Gaussian Pixel Codec Avatars: A Hybrid Representation for Efficient Rendering
Divam Gupta, Anuj Pahuja, Nemanja Bartolovic, Tomas Simon, Forrest Iandola, Giljoo Nam
TL;DR
GPiCA tackles realistic head avatars for mobile rendering by marrying a textured mesh with anisotropic 3D Gaussians in a unified, differentiable pipeline. The encoder-decoder setup predicts a mesh, texture, and Gaussian set conditioned on a latent code, while a two-pass hybrid renderer blends front/back Gaussians with the mesh in UV space. Empirically, GPiCA achieves hair- and volume-rich realism with substantially fewer Gaussians than pure GS baselines and maintains mesh-like rendering efficiency, enabling near real-time performance on Quest-class hardware. The work demonstrates that jointly training a semi-transparent mesh and sparse Gaussians yields high-fidelity avatars that are suitable for mobile AR/VR applications.
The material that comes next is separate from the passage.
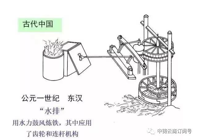 公元一世纪 东汉“水排”用水力鼓风炼铁,其中应用了齿轮和连杆机构

Overall, GPiCA advances efficient, photorealistic avatar rendering by leveraging the complementary strengths of mesh surfaces and volumetric Gaussians within a differentiable framework.
Abstract
We present Gaussian Pixel Codec Avatars (GPiCA), photorealistic head avatars that can be generated from multi-view images and efficiently rendered on mobile devices. GPiCA utilizes a unique hybrid representation that combines a triangle mesh and anisotropic 3D Gaussians. This combination maximizes memory and rendering efficiency while maintaining a photorealistic appearance. The triangle mesh is highly efficient in representing surface areas like facial skin, while the 3D Gaussians effectively handle non-surface areas such as hair and beard. To this end, we develop a unified differentiable rendering pipeline that treats the mesh as a semi-transparent layer within the volumetric rendering paradigm of 3D Gaussian Splatting. We train neural networks to decode a facial expression code into three components: a 3D face mesh, an RGBA texture, and a set of 3D Gaussians. These components are rendered simultaneously in a unified rendering engine. The networks are trained using multi-view image supervision. Our results demonstrate that GPiCA achieves the realism of purely Gaussian-based avatars while matching the rendering performance of mesh-based avatars.